To configure & validate nodes:

After installing DeployR Enterprise server and any grid node machines, you must configure these grid nodes as follows:

  1. Set the proper firewall rules to open the RServe ports ONLY to the public IP of the DeployR server.

  2. Log in to the DeployR landing page as admin at http://<DEPLOYR_SERVER_IP>:8050/deployr/landing where <DEPLOYR_SERVER_IP> is the IP of the main DeployR server.

  3. Go to the Administration Console.

  4. Click The Grid in the main menu.

  5. For each remote grid node you installed earlier, do the following: (You do not need to configure the DeployR Default Node.)

    1. Click New Grid Node.

    2. Configure the Name, Host, Operating Type and External Directory   using these instructions.

    3. When you try to add that new grid node configuration, DeployR attempts to validate your settings. Learn more...

    4. Run a diagnostic test of each grid node individually as follows:

      1. Enable only that node in the main The Grid tab.

      2. Return to the landing page to run the diagnostic check. Consult the Troubleshooting section for help.

    5. Repeat these steps for each grid node.

    6. Remember to go back and enable all the grid nodes you want to use when you are done testing.

Use a PostgreSQL Database

During the installation of DeployR, a local H2 database is automatically installed and configured for you. After installing DeployR, but before using it, you can configure DeployR to use a database in PostgreSQL 9.1 or greater.

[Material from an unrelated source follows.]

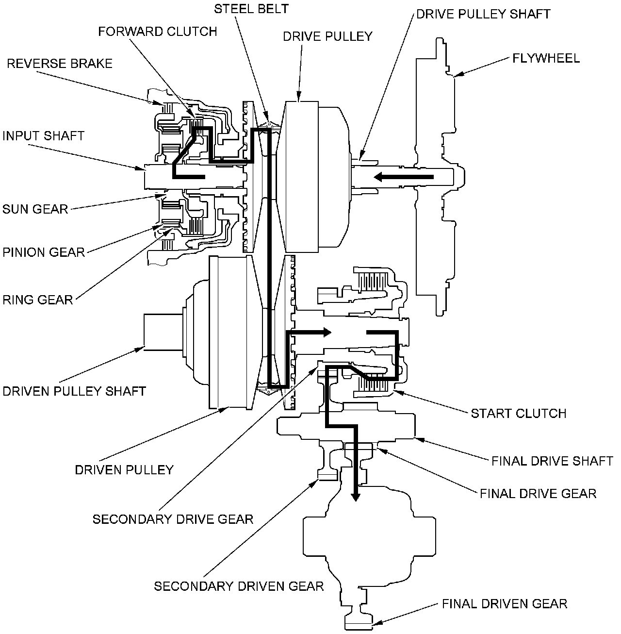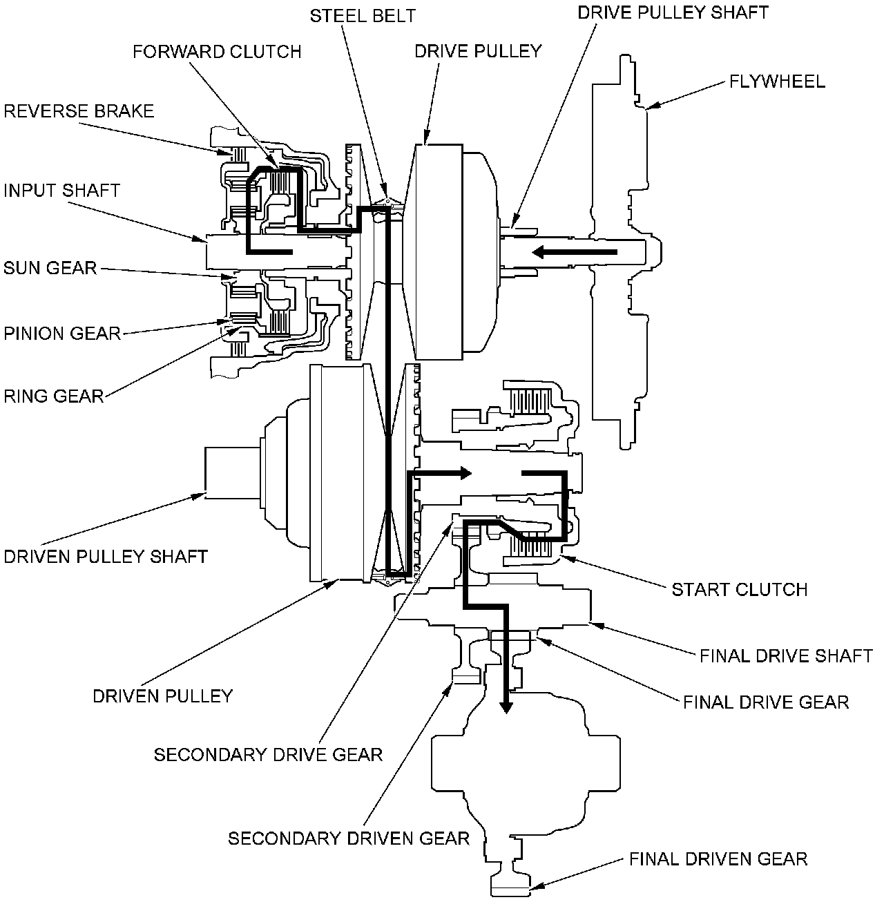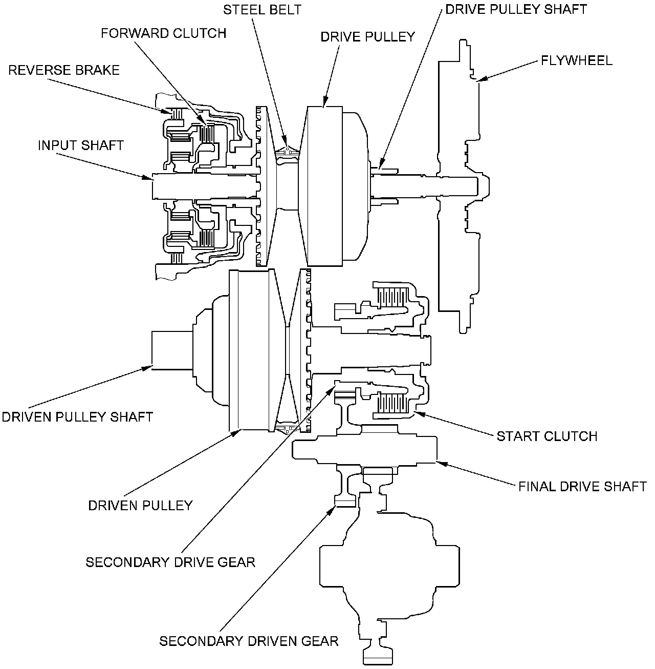 - The driven pulley shaft drives the secondary drive gear via the start clutch.

If you want to use a local or remote PostgreSQL database for DeployR instead of the default local H2 database, you need to:

  1. Install and configure PostgreSQL as described for that product.

  2. Create a database with the name deployr. Use the owner of this database as the username in the dataSource block in a later step.

  3. Assign the proper permissions to the database user to read and write into the database.

  4. Download the JDBC42 PostgreSQL Driver for JDK 1.8 for the version of the database you installed and copy them under both of the following folders:

    • $DEPLOYR_HOME/tomcat/tomcat7/lib

    • $DEPLOYR_HOME/deployr/tools/lib

  5. Stop the DeployR server.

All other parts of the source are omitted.